More studies are needed with U.S.-based psychiatric inpatient populations. In particular, research is needed to explore the possible explanations for associations between suicide-related events and event month, day of week, time of day, days after admission, and availability of ligature points during neck compression. This could be achieved by interviewing staff at inpatient psychiatric units to gain insight into the relationship among these variables. This information would complement the findings from this study and could guide development of interventions at inpatient psychiatric units.
Conclusion
This retrospective mixed-methods analysis of 143 PA-PSRS serious event reports provides insight into the circumstances of suicide-related events occurring within inpatient psychiatric units at U.S.-based facilities. The data reveals distinct patterns of suicide-related events across demographic, method, object involved, location, and temporal variables. For example, a significantly greater frequency of events occurred during October–March and during the evening shift (15:00–22:59). Additionally, significantly more suicides occurred during neck compression with use of a ligature point, as opposed to without a ligature point. The results highlight priority areas for additional inquiry (including qualitative investigation) and offer empirical evidence to inform stakeholders and policy discussions aimed at reducing suicide-related events within inpatient psychiatric settings.
Notes
This analysis was exempted from review by the Advarra Institutional Review Board.

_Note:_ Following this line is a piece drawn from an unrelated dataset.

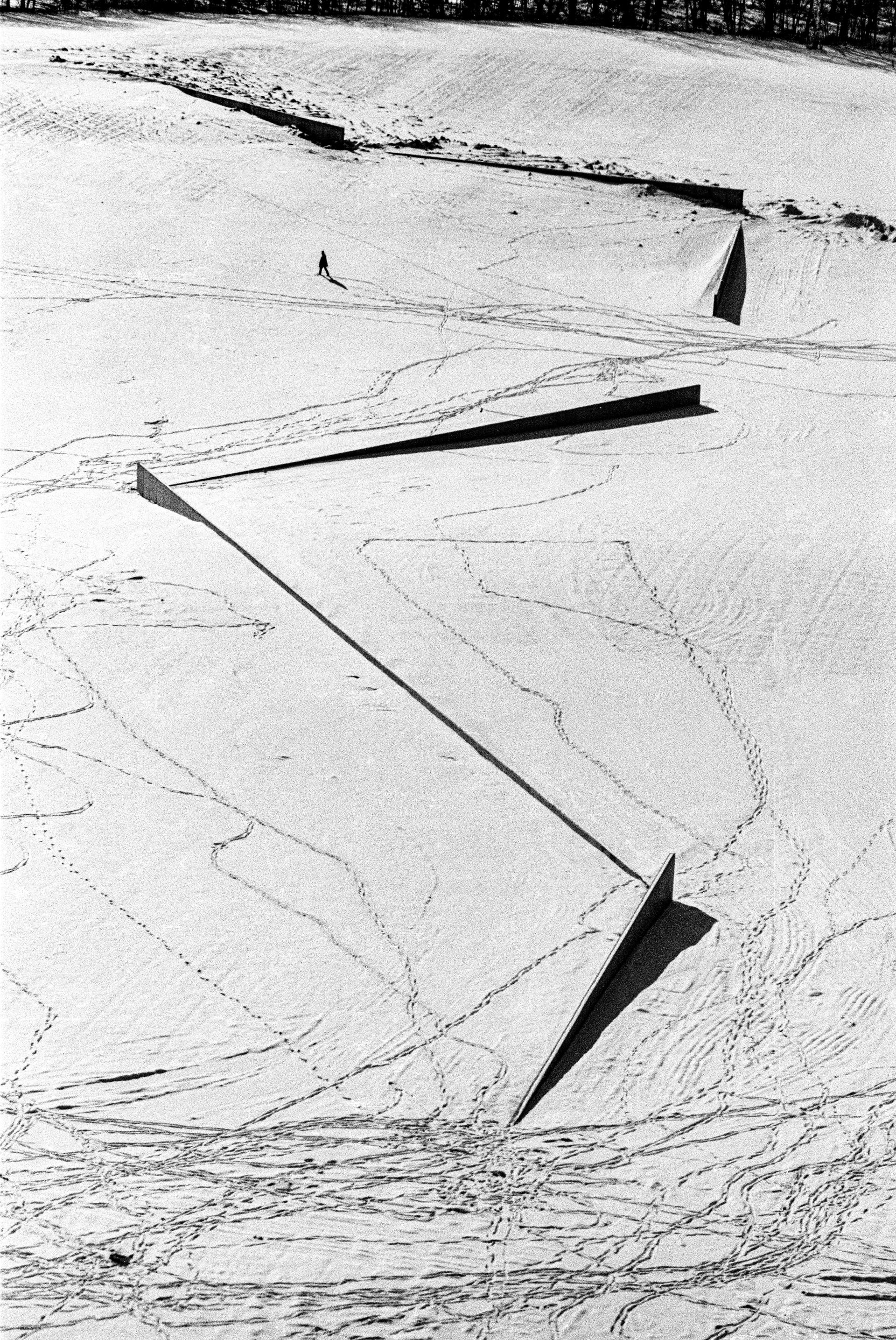Gorgoni captured various works that are now threatened by encroaching development or neglect, like Heizer’s Double Negative (1969) in the Nevada desert and Serra’s Shift (1972) outside of Toronto. Serra’s work, comprising lightning-shaped concrete slabs that extend over more than 4 hectares on the landscape, is installed on private property originally owned by the family of the late art collector Roger Davidson. Serra exchanged two sculptures for use of the land but no formal contracts were signed. Developers have been engaged in a long legal battle against the township, which wants to designate the land a protected cultural landscape. The work has been heavily vandalised throughout the years and was largely forgotten until news of the planned development arose in the 1990s. The work is estimated to hold a present-day value of $7m-$8m, further complicating the issue.

Data used in this study cannot be made public due to their confidential nature, as outlined in the Medical Care Availability and Reduction of Error (MCARE) Act (Pennsylvania Act 13 of 2002).22
Artificial intelligence (Microsoft’s Copilot) was used only to improve sentence clarity. No AI was used for data analysis, interpretation, or generation of original content. The authors take full responsibility for the accuracy and integrity of the manuscript.
Disclosure
The authors declare that they have no relevant or material financial interests.
About the Authors
Matthew A. Taylor (MattTaylor@pa.gov) is a research scientist on the Data Science & Research team at the Patient Safety Authority, where he conducts research, uses data to identify patient safety concerns and trends, and develops solutions to prevent recurrence.
Shawn Kepner (shawkepner@pa.gov) is a data scientist at the Patient Safety Authority (PSA). He is responsible for providing actionable insights using data science techniques and works with staff to focus resources and research in areas that have the greatest benefit to patient safety. He also serves as the data editor for Patient Safety, PSA’s award-winning, peer-reviewed journal.